Нет, по смерти, невидимкой
Буду вкруг тебя летать...
Стану всюду развевать
Легким уст прикосновеньем

Как зефира дуновеньем (приди... как легкий луч иль дуновенье)...

Тонкий запах свежих роз...

Отличие Заклинания от окончания Гяура и от [Le] Revenant в том, что у Байрона призрак Лейлы сам является герою; в стихотворении Парни поэт обещает своей возлюбленной, что он явится к ней. В Заклинании поэт вызывает „Лейлу”. В этом отношении пушкинское стихотворение стоит ближе к An Invocation, но также и к державинскому Призыванию и явлению Плениры:

Приди ко мне, Пленира,
В блистании луны,
В дыхании зефира,
Во мраке тишины.
Приди в подобьи тени,
В мечте иль легком сне,
И, седши на колени,
Прижмися к сердцу мне...

Сходство символики очевидно. Как и Пушкин, Державин не представляет себе заранее, как, в какой форме осуществится „явление” умершей возлюбленной. Стихотворение Державина навеяно действительным переживанием. На другой день после смерти Плениры31 он почувствовал в утреннем полусне то, что рассказано им во второй половине стихотворения:

Я вижу: ты в тумане
Течешь ко мне рекой!
Пленира на диване
Простерлась надо мной,
И легким осязаньем
Уст сладостных твоих,
Как ветерок дыханьем,
В объятиях своих
Меня ты утешаешь
И шепчешь нежно в слух...

Замечательно, что и державинское стихотворение тоже так близко напоминает Le Revenant, что трудно удержаться от предположения о зависимости - и именно от подлинника, т.к. перевод Батюшкова появился только в 1810 г., а Призываниe [и явление Плениры] написано в год кончины Плениры (1794). Приведу наиболее показательные места:

Si du sein de la nuit profonde
on peut revenir en ce monde,
je viendrai, n’en doutez pas...
Souvent du zéphyr le plus doux
je prendrai l’haleine insensible...
Quand je reverrai les attraits
qu’effleura ma main caressante,
ma voix amoureuse et touchante
pourra murmurer les regrets...32

В молодости Державин совершенно не знал французского языка. Впоследствии он немного научился ему. В том, что он был в состоянии понять такого легкого автора, как Парни, нет ничего невозможного. Перевел же он Цирцею Ж. Ж. Руссо.
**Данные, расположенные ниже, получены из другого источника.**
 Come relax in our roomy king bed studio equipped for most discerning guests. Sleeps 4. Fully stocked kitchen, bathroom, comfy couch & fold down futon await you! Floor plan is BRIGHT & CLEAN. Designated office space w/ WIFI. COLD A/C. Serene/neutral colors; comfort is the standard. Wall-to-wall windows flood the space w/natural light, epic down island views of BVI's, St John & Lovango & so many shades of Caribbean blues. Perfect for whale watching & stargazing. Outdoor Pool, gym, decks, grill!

Отношение Державина к французской поэзии аналогично отношению Пушкина к немецкой: отдаленное и случайное знакомство, не - абсолютное незнание.
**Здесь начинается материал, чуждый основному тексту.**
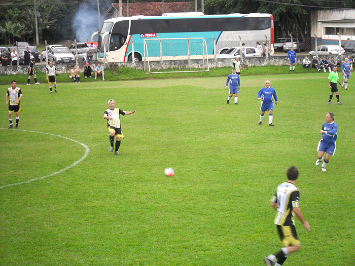 O Veteranos Nova Aurora de Blumenau recebeu nesse fim de semana a visita dos Hermanos Uruguaios, que vieram retribuir a visita feita no mês passado a capital Montevidéu. Apesar de todo o cansaço da viagem, já que por conta de um problema técnico com a agência de turismo contratada algum tempo atrás (quebrou), não conseguiram remanejamento para outras empresas aéreas, tendo que viajar de ônibus até Porto Alegre e de lá pegaram um vôo até Floripa, chegando às 11 horas de sábado. Depois seguiram de ônibus novamente até Baln. Camboriú onde ficaram hospedados, depois novamente ônibus até Blumenau para jogar às 16:30hrs. Imaginem a canseira! Os hermanos jogaram muito bem, mostrando que tem uma equipe máster bastante qualificada, jogadores com habilidade e bom domínio de bola e um goleiro veteranão muito bom, fazendo boas defesas, mostrando que ainda está em plena forma. Me impressionou muito! Fazendo o jogo ficar equilibrado, o placar magro mostra bem isso. A equipe do Nova Aurora jogou bem como de costume, já é uma equipe com 40 anos de existência e bem resolvida, entrosada por natureza, que conta com jogadores que vem de gerações anteriores, coisa de pai para filho e logo de filho para neto, formando uma grande família. Como era um jogo festivo e os Uruguaios vieram em 41 pessoas, teve um segundo jogo para que todos pudessem brincar um pouquinho em solo brasileiro. Foi mais um rachão do que um jogo propriamente dito, muita descontração e o Nova Aurora com uma equipe bem mais jovem não teve dificuldades em vencer o jogo pelo placar de 6X1. O trio de arbitragem da liga blumenauense conduziu muito bem os dois jogos, deixando o espetáculo ainda mais bonito com sua atuação de gala. As duas equipes bastante disciplinadas em campo, se respeitando o tempo todo, positivando a amizade conquistada anteriormente.

Имея все это в виду, можем восстановить поэтический генезис Заклинания приблизительно следующим образом. Исходной точкой для Пушкина послужили, с одной стороны, An Invocation, с другой, как и для Державина, Le Revenant; с Parny Пушкин был связан все же теснее нежели с Державиным. Но Parny привел его к Державину. В отношении символики не An Invocation и не Le Revenant, но именно Призывание [и явление] Плениры было главным источником Заклинания. Но, взяв от Барри Корнуолла и от Державина то, что ему было нужно, Пушкин затем уже бросает их и обращается от них к Байрону. По эмоциональному тону, по художественной идее, Заклинание и Призывание [и явление] Плениры, при всем их внешнем сходстве, совершенно различные произвeдения, так же, как Заклинание и An Invocation. Призывание [и явление] Плениры столь же характерно для Державина, как Заклинание для Пушкина. Чем кончается Призывание [и явление] Плениры? В конце первой строфы автор жалуется, что со смертью Плениры он утратил половину своей души. И вот Пленира дает ему совет: „Миленой половину займи души твоей”. Этому совету Державин, как известно, скоро и последовал. Призывание и явление Плениры написано тогда, когда сватовство к Д. А. Дьяковой33 уже состоялось. То, что было пережито Державиным сейчас после смерти жены, он использовал особым образом, выведя жену в качестве посредницы в его сватовстве к будущей второй. Стихотворение и написано в приличествующей радостному семейному событию „куплетной” форме34.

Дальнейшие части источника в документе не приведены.